2. The switching device (1) according to claim 1,

the feedback system (4) is designed to determine each of the at least two values of the position of the drive shaft (16) according to a correlation method,

all methods for finding the at least two values are different from each other.

3. The switching device (1) according to any one of claims 1 or 2, wherein one of the at least two values of the position of the drive shaft (16) is a first value of an absolute position of the drive shaft (16).

4. The switching device (1) according to any of claims 1 to 3, wherein a feedback system (4)

Comprises an absolute value encoder configured and arranged to detect an absolute position of the drive shaft (16) or of a further shaft connected to the drive shaft (16) and to generate at least one output signal based on the detected position; and is

Is designed to determine one of the at least two values of the position of the drive shaft (16) as a function of the at least one output signal.

5. The switching device (1) according to one of claims 1 to 4, wherein the absolute value encoder is connected positively to the drive shaft (16) or the further shaft and additionally is connected non-positively or positively to the drive shaft (16) or the further shaft.

6. The switching device (1) according to any one of claims 1 to 5, wherein a control unit (10)
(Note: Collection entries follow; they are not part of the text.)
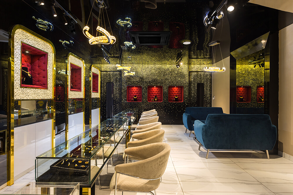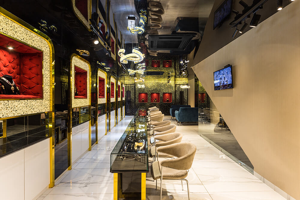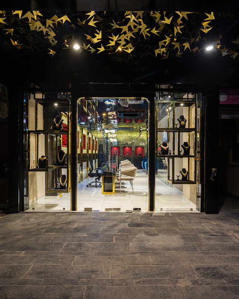 The creation of a pronounced space for a retail venue highlighting a varied collection of jewelry and accessories was the idea. The entrance is riddled with a cluster of stars that represent the whole aura of the store in order to emphasize the idea of “Swarn”. There are differently oriented peculiarities, suited to their own taste. The imitation of the intricacies and the significance that the ornamentation holds in the culture were achieved with the linearity of the space. The individualism is magnified from the black and gold tones that elaborate a royal aesthetic. On the ground floor, this culture was interpreted with different design elements. The walls were provided with niches which were finished with quilting for singular designer pieces, promoting a higher albeit a kingly standard of inheritance. Enclosed in a gold frame, the displays attract an attention to the details. Black vinyl sheet with punctures ranging from 2-4mm with backlit acrylic sheet surround the display in the background. An alluring scenario of a rain of gold which becomes a sight to behold and endear is created by the gradually fading punctures. The verticality of the store is prolonged by a reflective stretch ceiling.
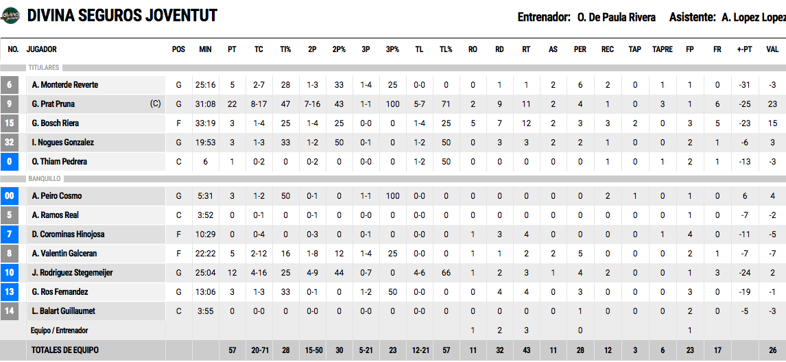 Un parcial de 10-0 para comenzar el partido, provocaba el primer tiempo muerto por parte del Joventut. Los jugadores de Badalona supieron responder de la mano Gerard Prat y Adria Monterde para devolver el parcial con un 10-4 (14-10). Después de un gran movimiento de balón, Arnau Valentin metía un triple para acerca a los suyos a tan solo un punto. Nuñez (18 puntos, 4 rebotes y 4 asistencias al final del partido), Ddiaye (15 puntos en 16 minutos y el pequeño de los Garbuba, tiraban del gran juego colectivo para anotar cada uno un total de 6 puntos, y permitiendo que su equipo se marchara con 26 puntos al término del primer cuarto (26-15).
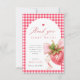 Di gracias de la manera más dulce con esta tarjeta de agradecimiento de gingham rojo, que presenta fresas en acuarela, escritura suave y un detalle de lazo rosa. Una combinación perfecta para su tema de cumpleaños de primer año de baya.
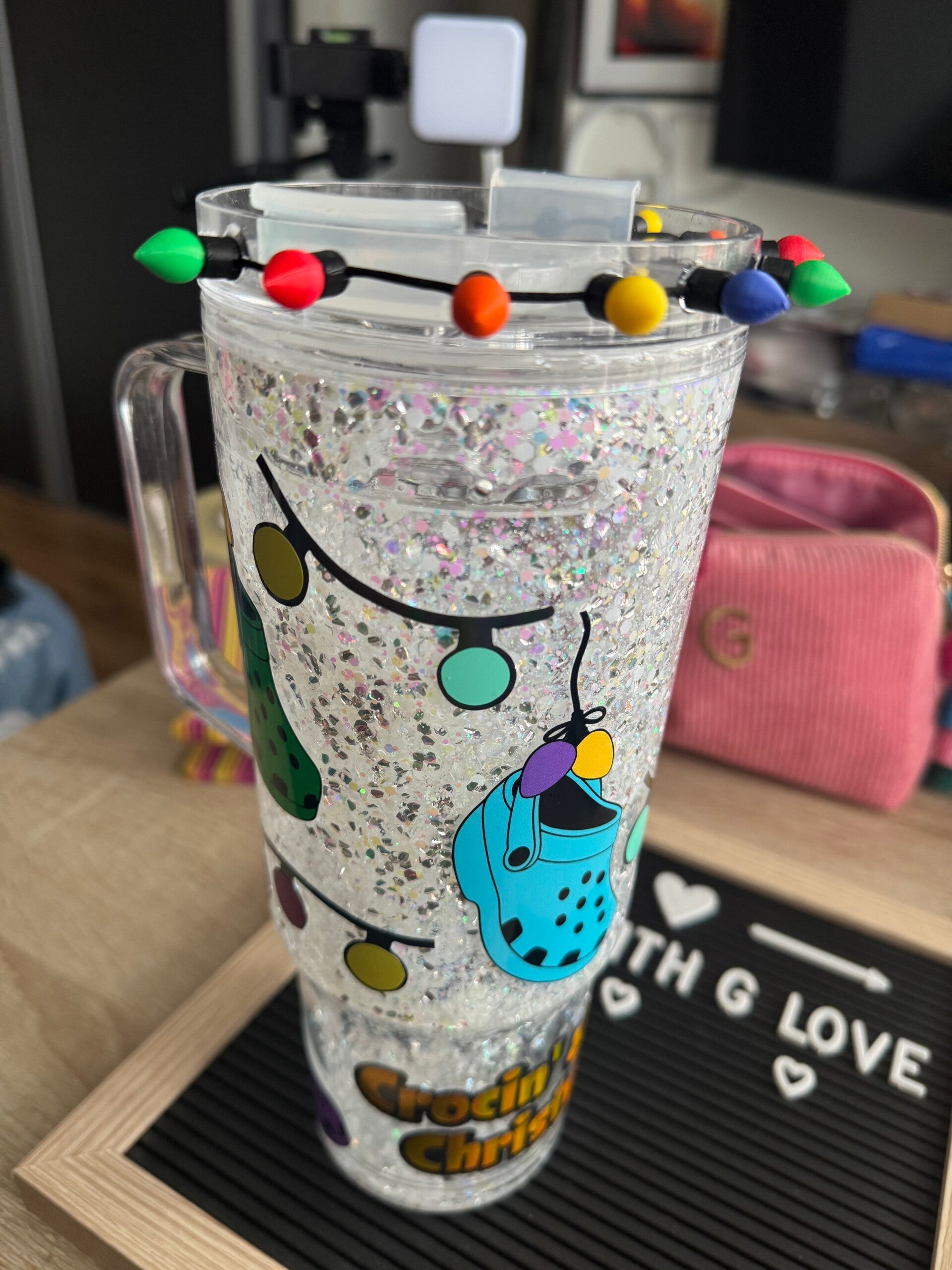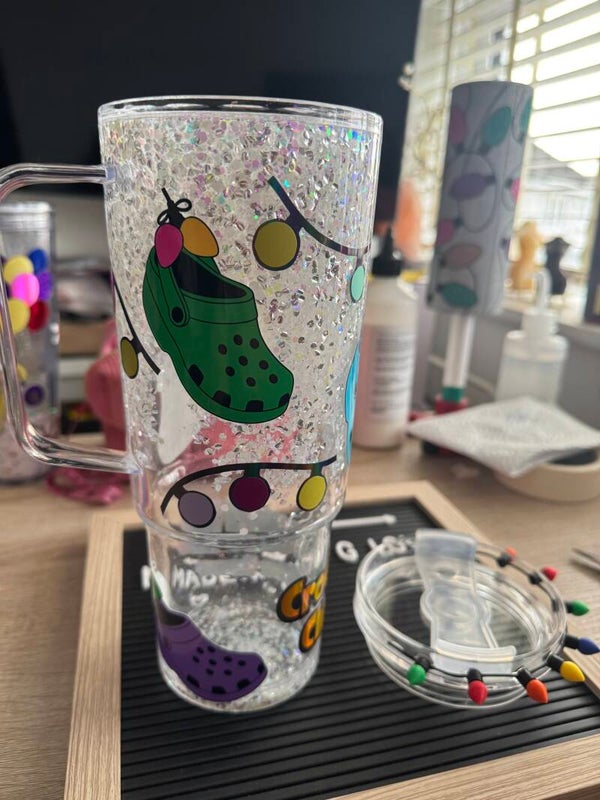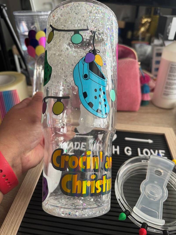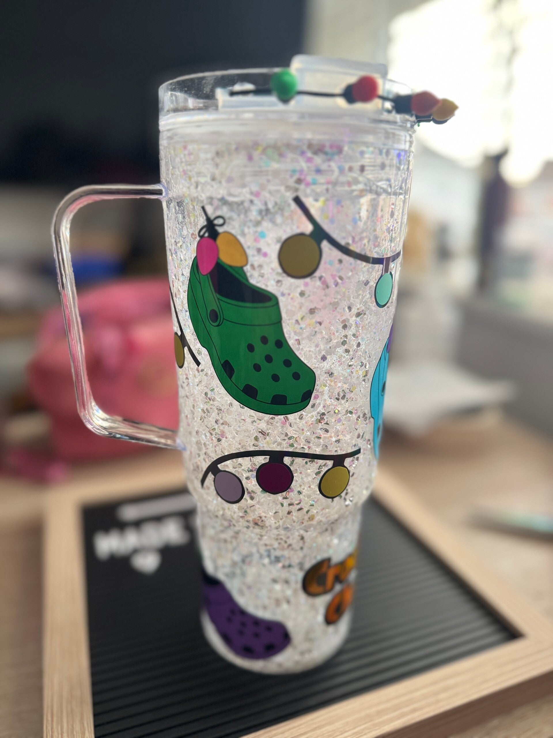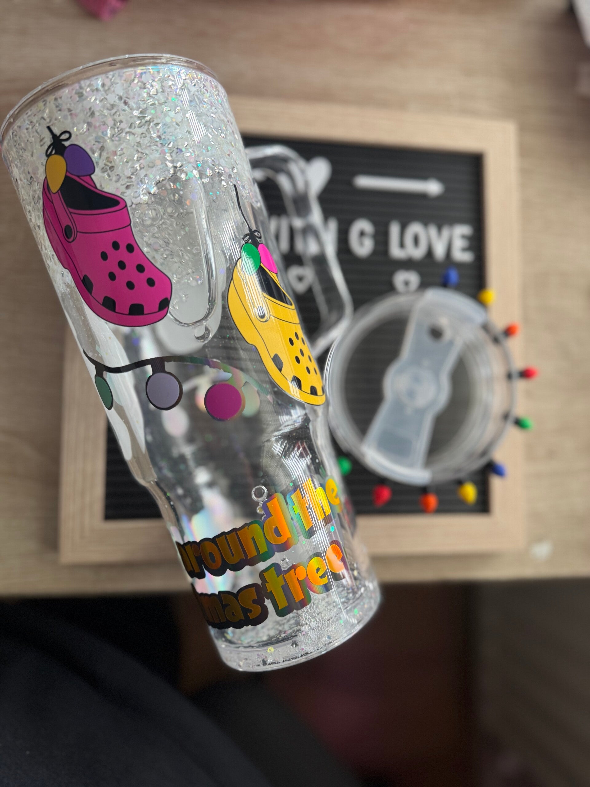Are you crocin' around the Christmas Tree this festive season, or maybe you have someone special in your life who llives for this vibe. This is your perfect cup. Stunning glitter which even glows in the dark. Christmas tree lights around the lid, truly making it special.
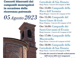 Domani, sabato 5 agosto, a Mondovì andrà in scena la terza edizione del "Campane in Festa per San Donato", un'iniziativa ideata da CampaneTo, gruppo per la tutela e la valorizzazione del patrimonio campanario piemontese, cui è affidata anche la direzione artistica dell'evento.

Comprising a first and a second processor unit (6, 7); and is

The first and second processor units (6, 7) execute programs in parallel, which are configured to execute the programs to implement switching commands for the switch (17).
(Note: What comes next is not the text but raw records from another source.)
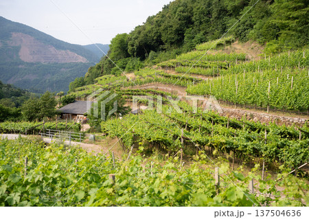 Vineyards cascade down hillsides in Cembra Valley, Trentino, for wine production
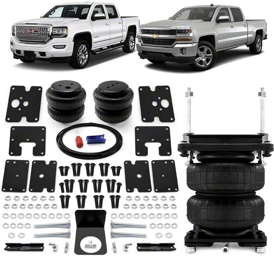 Direct Fit Kit. Engineered as a direct-fit replacement, this air helper spring kit ensures a hassle-free installation process. Its application- and vehicle-specific properties guarantee a perfect fit for your Silverado 1500, eliminating the need for any modifications. The kit features CNC-cut aluminum alloy material, showcasing modern production technology that ensures durability and reliability.
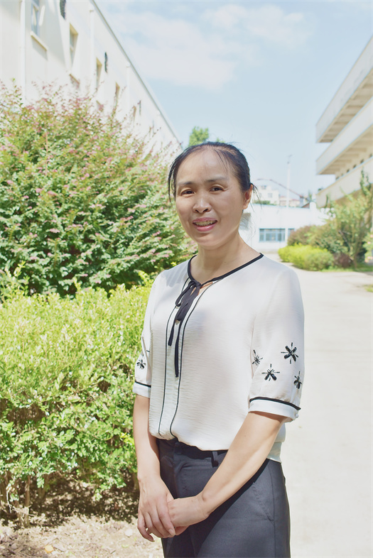 2019年的夏天,由于生产任务重,丁敏每天需要同时看两台牵经机。她在不停地来回查看机台运转的时候,不小心被地上的凸起物绊倒了,导致两颗门牙被磕掉。事情发生后,车间同事和公司领导到家中看望,张罗着请最好的医生给丁敏医治,还承诺报销全部治疗费用。大家的关心让丁敏十分感动,她只做了简单包扎,没去医院住院治疗。从来没请过假的丁敏,就这样在家坚持了大约两个星期,便返回到工作岗位。
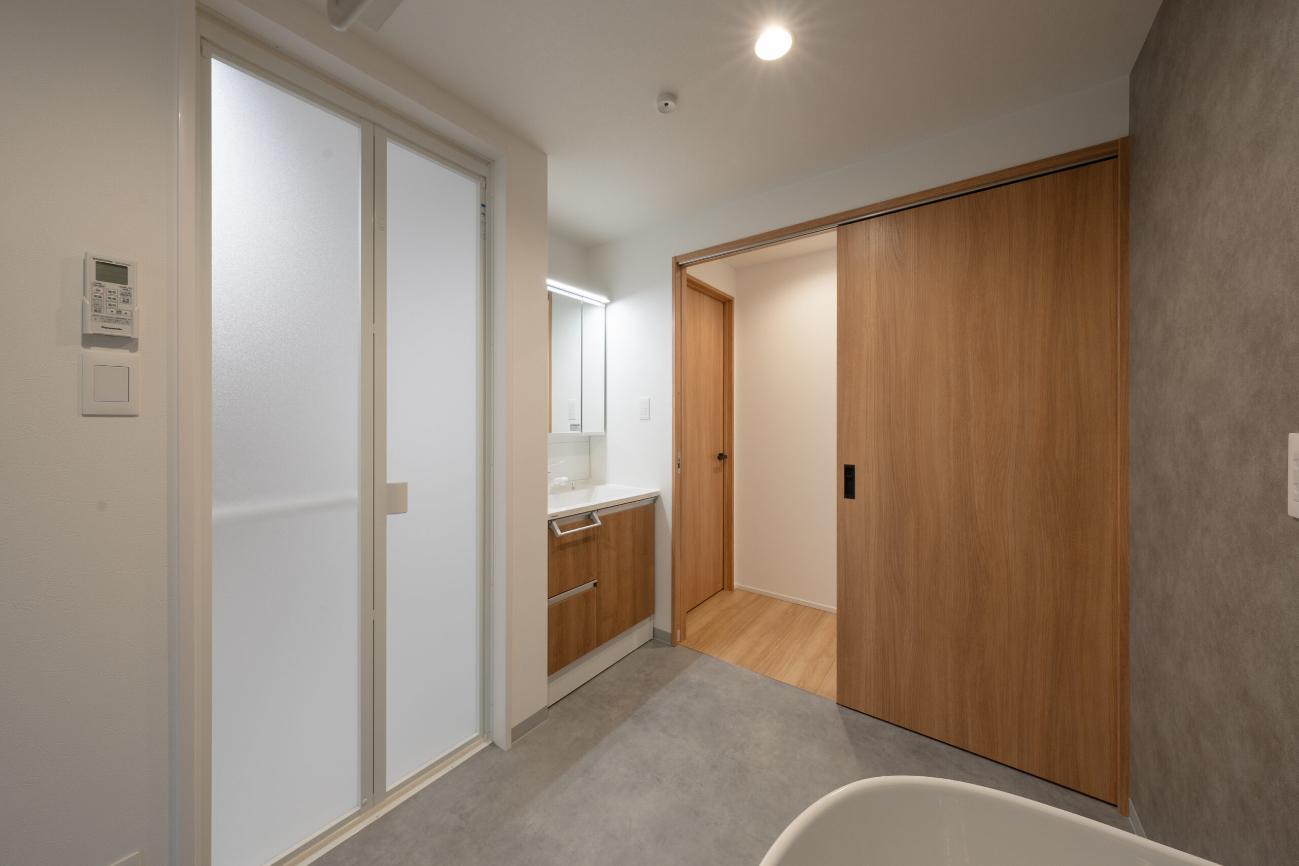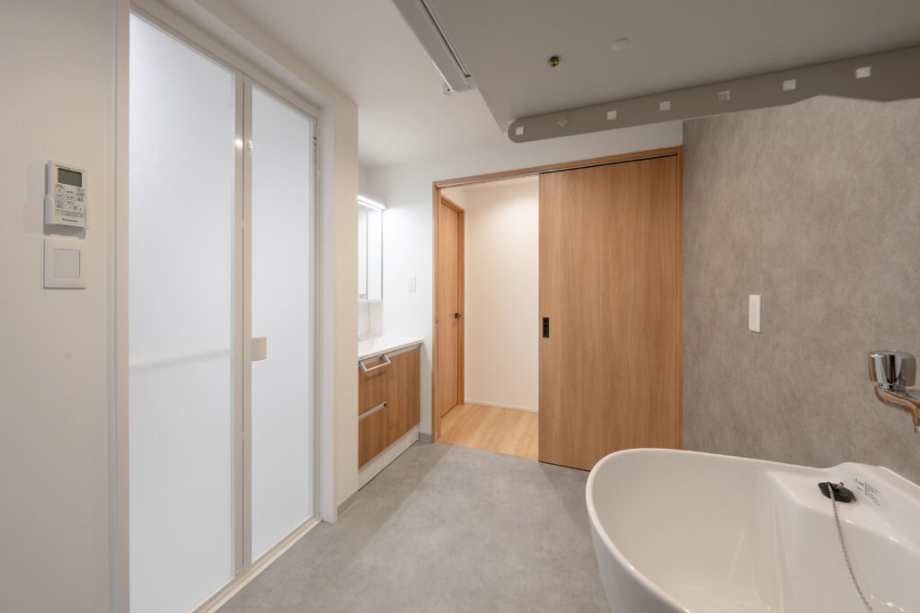 プライベートスペースの多い1階には、余裕のある洗面・脱衣・洗濯スペースがあります。

7. The switching device (1) according to claim 6, wherein the control unit (10) is configured for performing at least one reconciliation between the first and second processor units (6, 7) during execution of the program.

8. The switching device (1) according to any one of claims 6 or 7, wherein the control unit (10) is configured to perform a comparison of the process image of the first processor unit (6) with the process image of the second processor unit (7) during execution of the program.
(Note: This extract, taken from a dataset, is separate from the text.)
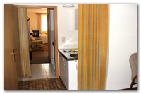 Sat-TV, Kochnische, Kühlschrank, Bad und Dusche.
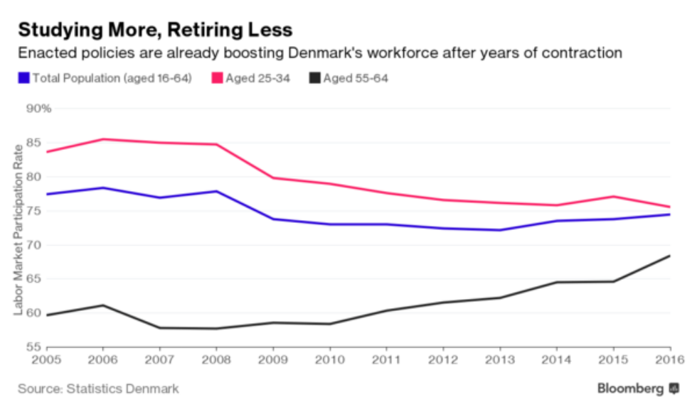 La proposta originale è stata poi scartata dopo essere diventata l’oggetto di una lotta di potere tra il governo e il suo maggiore alleato in Parlamento, il Partito del Popolo Danese, che ha posizioni anti-immigrazione. Dopo un rimpasto il nuovo governo sta lavorando a un nuovo piano, che dovrebbe essere presentato entro l’estate. Per ottenere le risorse necessarie per finanziare i tagli alle tasse servono entrate più alte, una spesa minore, o una combinazione di entrambe le cose. Il governo danese crede che il miglior modo per centrare questo obiettivo sia far entrare più persone nel mercato del lavoro. Dal momento che la Danimarca è già vicina alla piena occupazione (a dicembre il tasso di disoccupazione è stato del 3,4 per cento) e che attrarre altri lavoratori migranti è un terreno molto scivoloso politicamente (dopo la crisi dei migranti del 2015 il governo ha imposto controlli ai confini e rafforzato le normative), la soluzione più ovvia è spingere a lavorare i più giovani e gli anziani.

9. The switching device (1) according to any one of claims 1 to 8, wherein the control unit (10) is configured for checking a locking condition of two or more components of the switching device.

10. The switching device (1) according to one of claims 1 to 9, wherein the control unit (10) has an input and an output, which are designed as a clocked input or output.

11. The switching device (1) according to claim 10, wherein the control unit (10) is configured to check the presence of a crossover circuit based on an input signal and/or an output signal present at the input or output.

12. The switching device (1) according to any one of claims 1 to 11, wherein the power component (11) is configured to stop the motor (12) by a first safety measure of the at least one safety measure.

13. The switching device (1) according to any one of claims 1 to 12, wherein the power component (11) is configured for a controlled braking or a controlled stopping of the motor (12) depending on the control signal.

14. The switching device (1) according to any one of claims 1 to 13, wherein the power component (11) is configured for limiting the speed of the motor shaft (14) of the motor (12) by a second safety measure of the at least one safety measure.

15. The switching device (1) according to any of claims 1 to 14, wherein the switch (17) is an on-load tap changer or a load transfer switch or a selector or a double commutator or a pre-selector or a power switch or a load switch or a circuit breaker.